# How to solve for probability given density function

1. Feb 4, 2012

### eric.mercer92

1. The problem statement, all variables and given/known data
The probability density function of a random variable y is:
f(y) = 100ye$^{-10y}$, if y>0
f(y) = 0 otherwise

What is the probability that 45y <= 10?

2. Relevant equations
E(y) = ∫yf(y)dy
Var(y) = ∫(y-E(y))f(y)dy

3. The attempt at a solution
I solved for the expected value of y and got E(y) = 0.2
I then got Var(y) = 0.02
I don't think this is a normal distribution because the PDF is not a normal
PDF. I don't know how to solve for the probability of 45y <= 10

Any help will be greatly appreciated!
1. The problem statement, all variables and given/known data

2. Relevant equations

3. The attempt at a solution

2. Feb 4, 2012

### 4570562

Not quite sure, but maybe you do ∫f(y) dy from 0 to 10/45?

3. Feb 4, 2012

### eric.mercer92

I thought about that, but it just didn't seem right, after all, if one of the y's is over 10/45, the other y's can be less than that to make up for it.

4. Feb 4, 2012

### Curious3141

You shouldn't be worrying about what sort of distribution this represents. You're already given a pdf. Compute the cdf (cumulative distribution function). If the pdf is $f(y)$, the cdf is $\int_{-\infty}^y f(y)dy$. Remember that from -∞ to 0, f(y) = 0, so break it up into two integrals, one from -∞ to 0 (which vanishes), and the other from 0 to y.

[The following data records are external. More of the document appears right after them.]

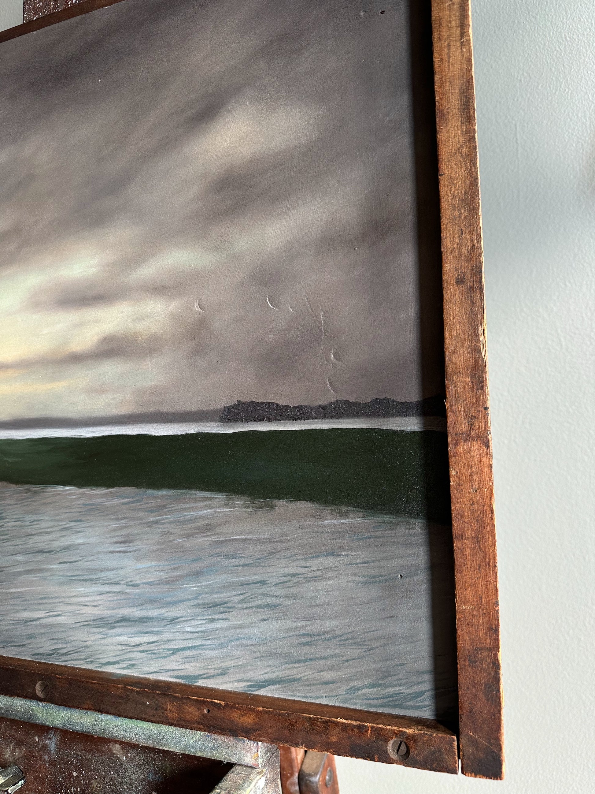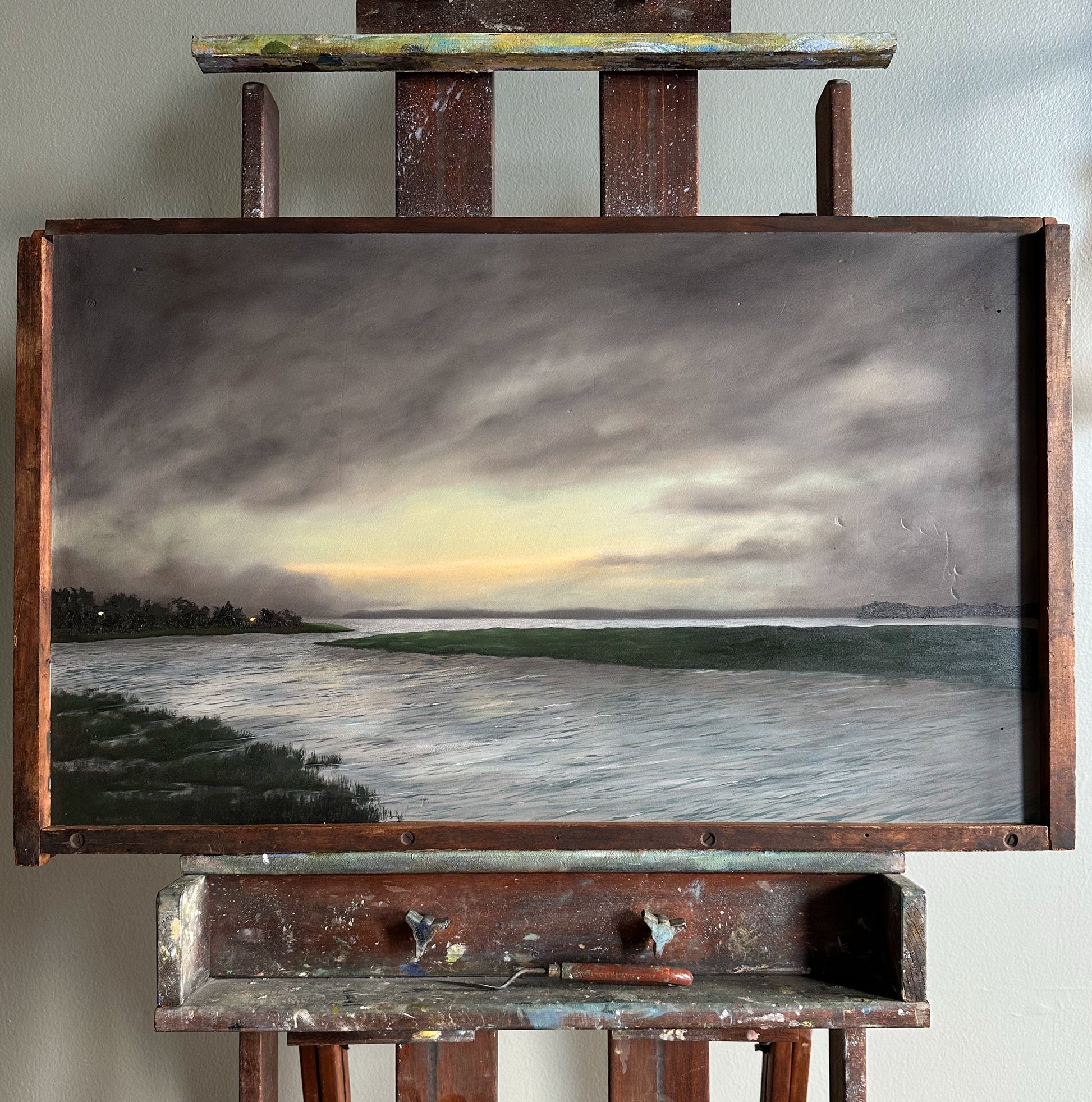 “River Finds the Sea” Oil Painting on Antique French Printers Tray - 32.3” x 19.75”
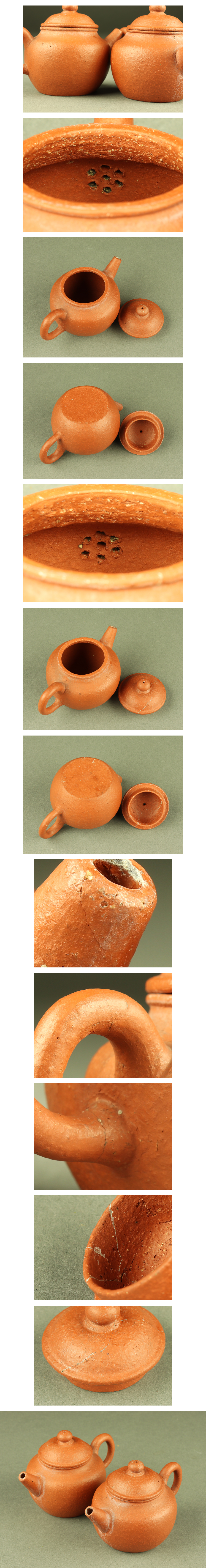 > 【宇】KA017 唐物 砲口 梨皮泥急須 朱泥急須 一対 多孔口 煎茶道具
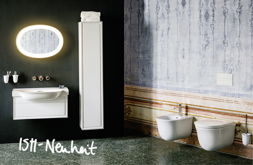 Zur Kollektion gehören Waschtische und Waschtischschalen, WCs, ein Bidet und eine Badewanne in der charakteristischen Formensprache. Dazu passen Armaturen, Spiegel und Accessoires sowie eine praktische Möbelkollektion in reduziertem Design, die The New Classic zu einem kompletten Angebot für das Bad machen.
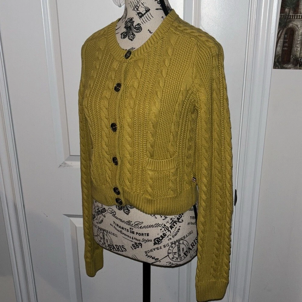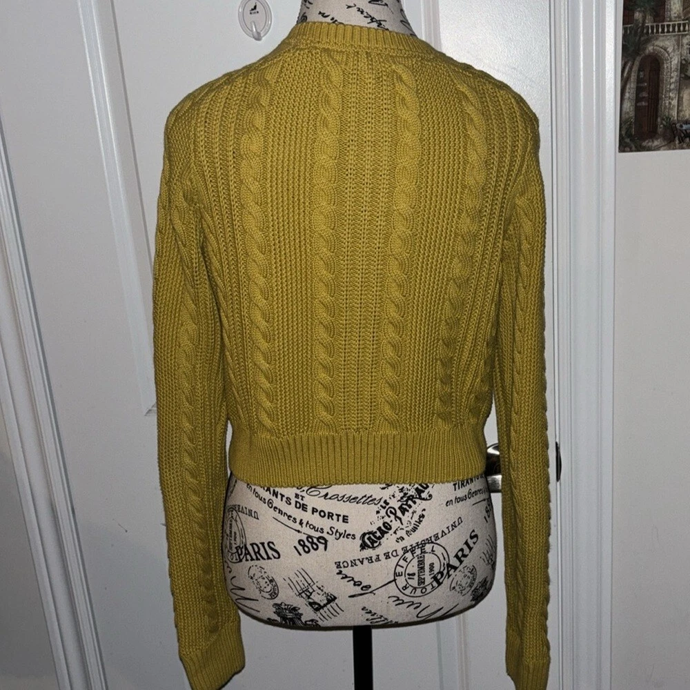 This vintage cardigan from Burberry London is an authentic piece that will add a touch of elegance to any outfit. The cable-knit design is beautifully crafted and the yellow color is vibrant enough to catch anyone's eye. The cardigan is of size M and is perfect for regular size types. It is made of high-quality material and is perfect for women who want to add a stylish touch to their wardrobe. The cardigan is versatile enough to be worn for any occasion and is a must-have for any fashion-conscious woman. Very good preowned condition. Runs small, I would say this is more of a size small than medium. 100% cotton.
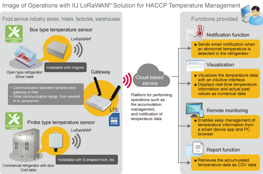 The IIJ LoRaWAN® Solution for HACCP Temperature Management implements the automatic collection of temperature data and the monitoring and notification of abnormalities easily and at low cost at worksites that manufacture, store, sell, or provide food.
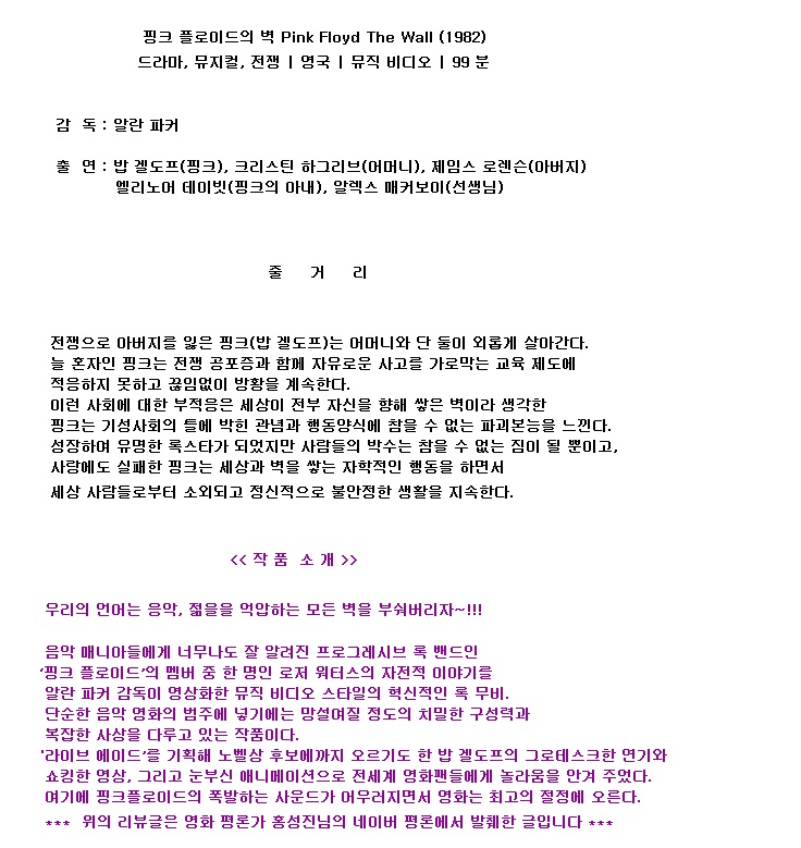[HDTV 1080P] The Wall(영어자막) - 핑크 플로이드의 걸작을 고화질로 만나보세요
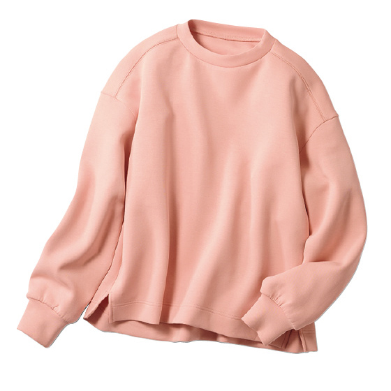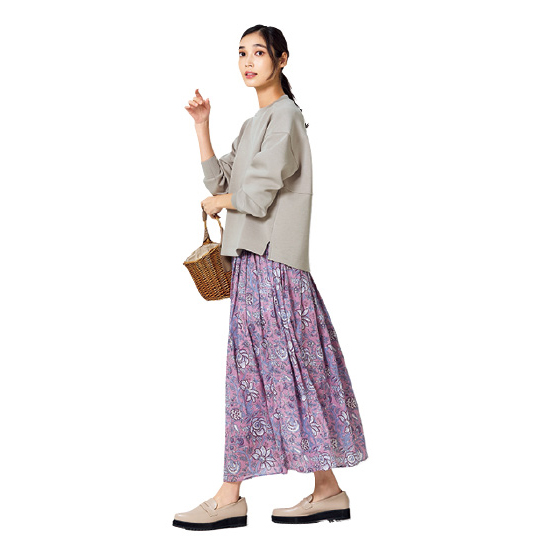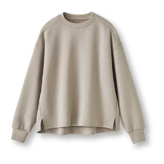 ほどよい厚みのダンボールニット素材。コクーン風シルエットで体形カバーができ、短めの丈感でボトムスも選びません。
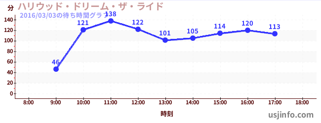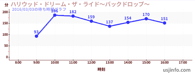 • ハリウッド・ドリーム・ザ・ライド$B$N(B2016年03月03日の待ち時間
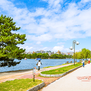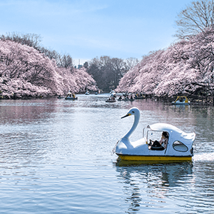 池の周囲には約200本の桜があり、春は薄桃色、夏は緑に衣替えし、秋には黄色から赤まで種々の葉に彩られます。四季折々の美しい風景を、ぜひボートに乗りながら楽しんでみてください。
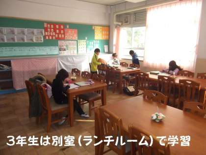 今日は,1,2年生で図書室が満室になり,遅れてきた3年生は,となりのランチルームで学習しました。
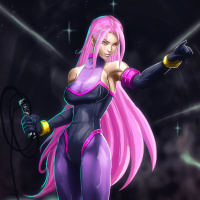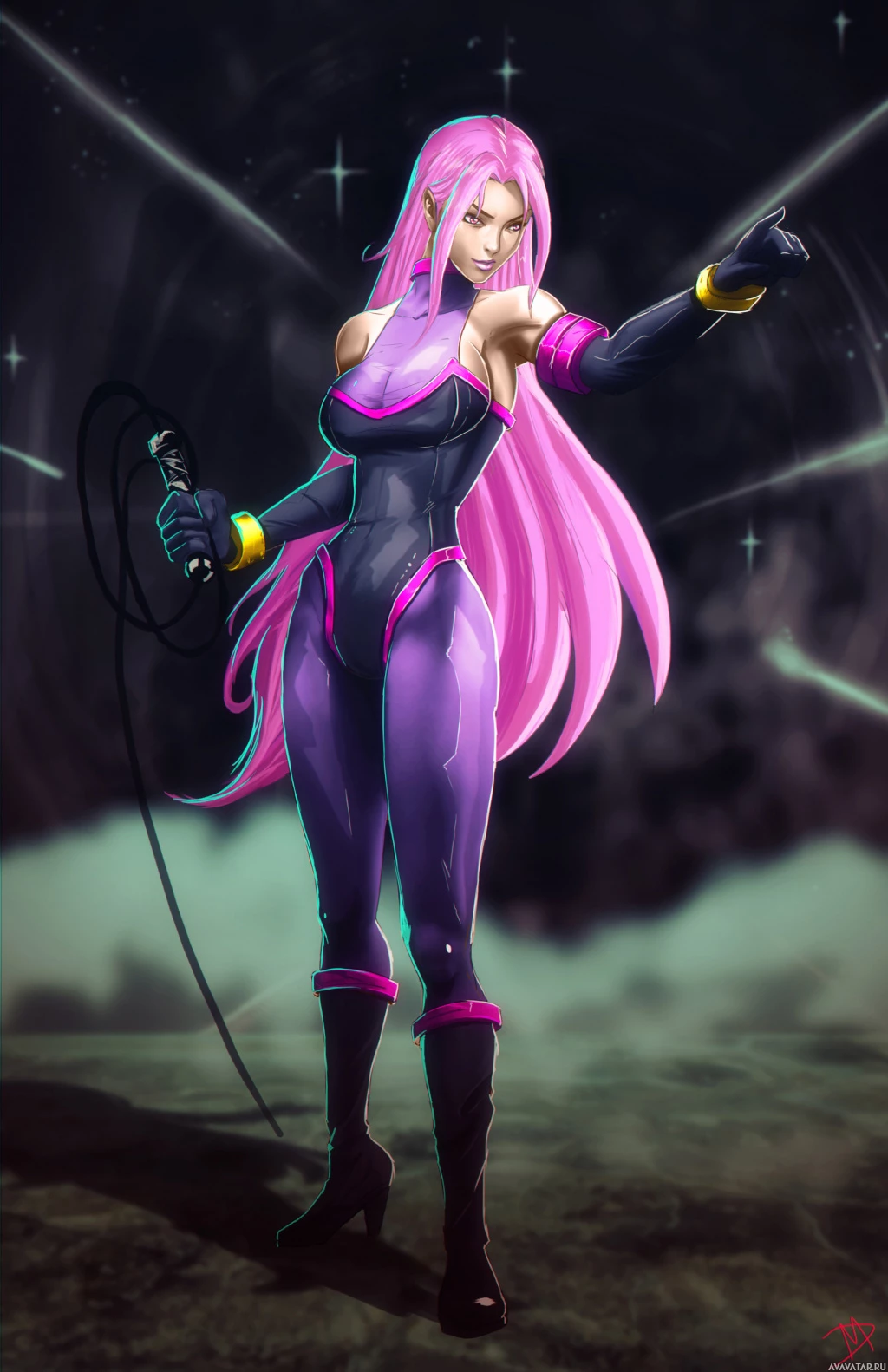 female character with pink hair. She is depicted wearing a sleek purple and black bodysuit, complete with a cape and boots, suggesting she might be a superheroine or a similar type of character designed for
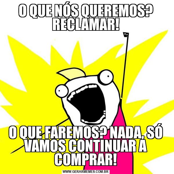 O QUE NÓS QUEREMOS? RECLAMAR! O QUE FAREMOS? NADA, SÓ VAMOS CONTINUAR A COMPRAR!
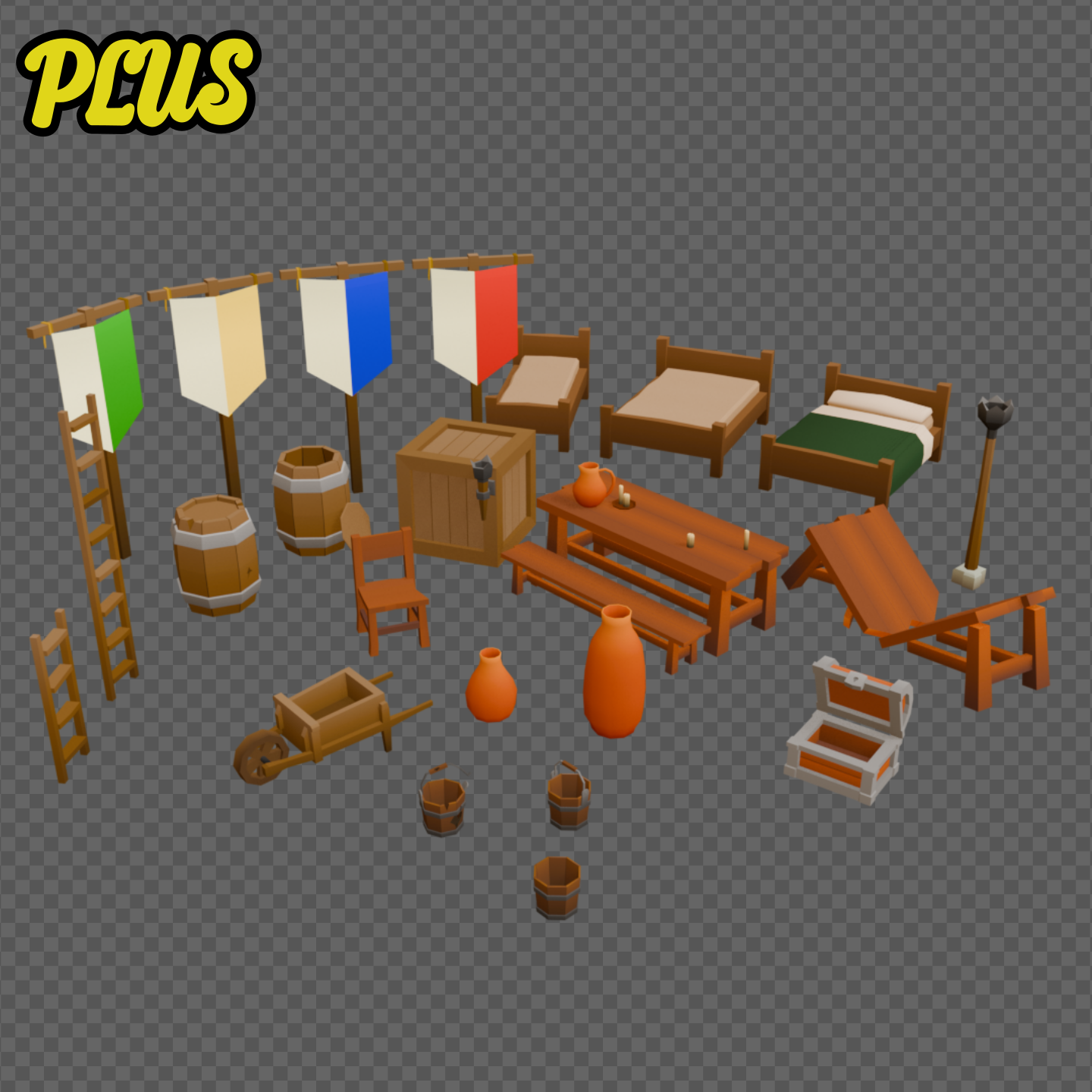 A stylized low poly medieval props pack designed for indie games and prototypes.
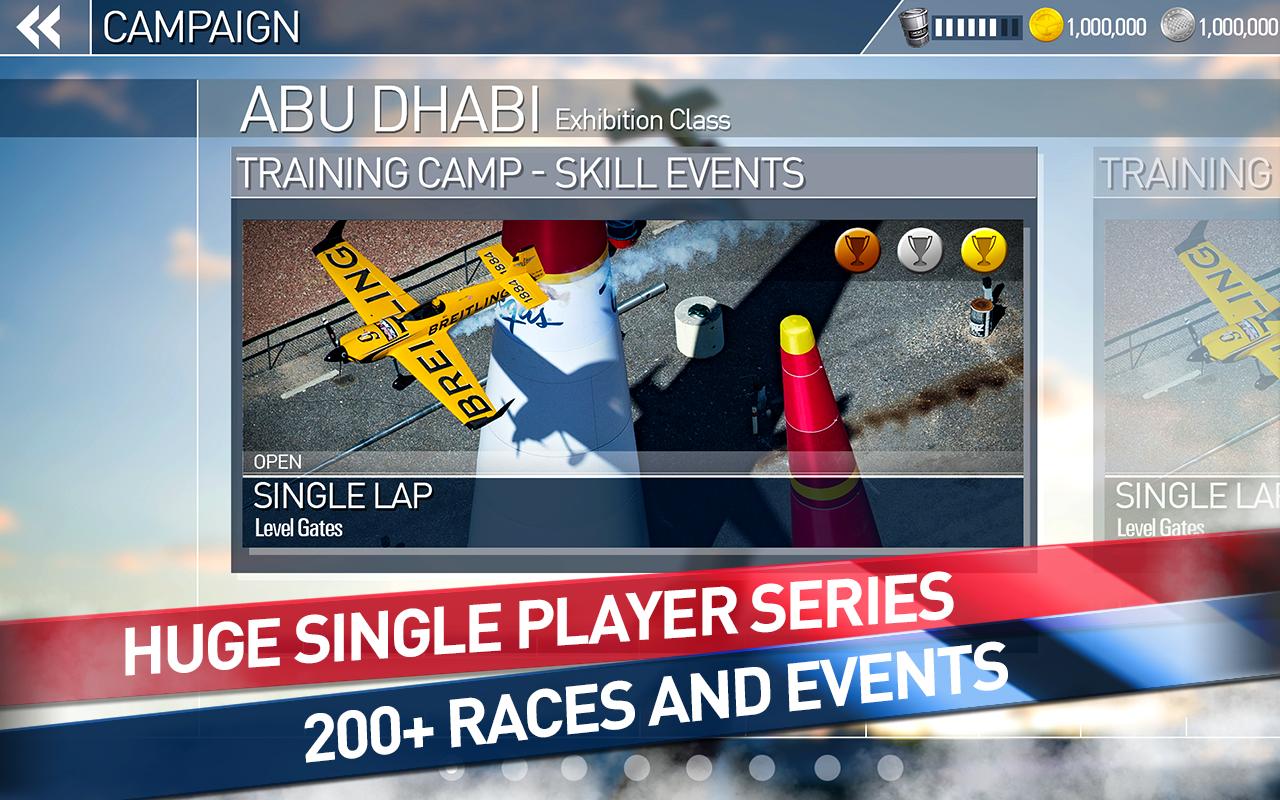 Touch or Tilt controls, you decide. Effortlessly supports multiple control configurations for tilt and touchscreen. Accelerate, bank and pull vertical turns to earn a spot on the Red Bull Air Race podium.

Do the integration by parts and work out the definite integral in terms of y. Then it's as simple as substituting y = 10/45 into that.

The answer I get lies between 0.6 and 0.7, if you wish to check yours.

5. Feb 4, 2012

### eric.mercer92

Ahh yes, I see, thank you very much. I got the same answer.
Thanks again!

6. Feb 4, 2012

No problemo.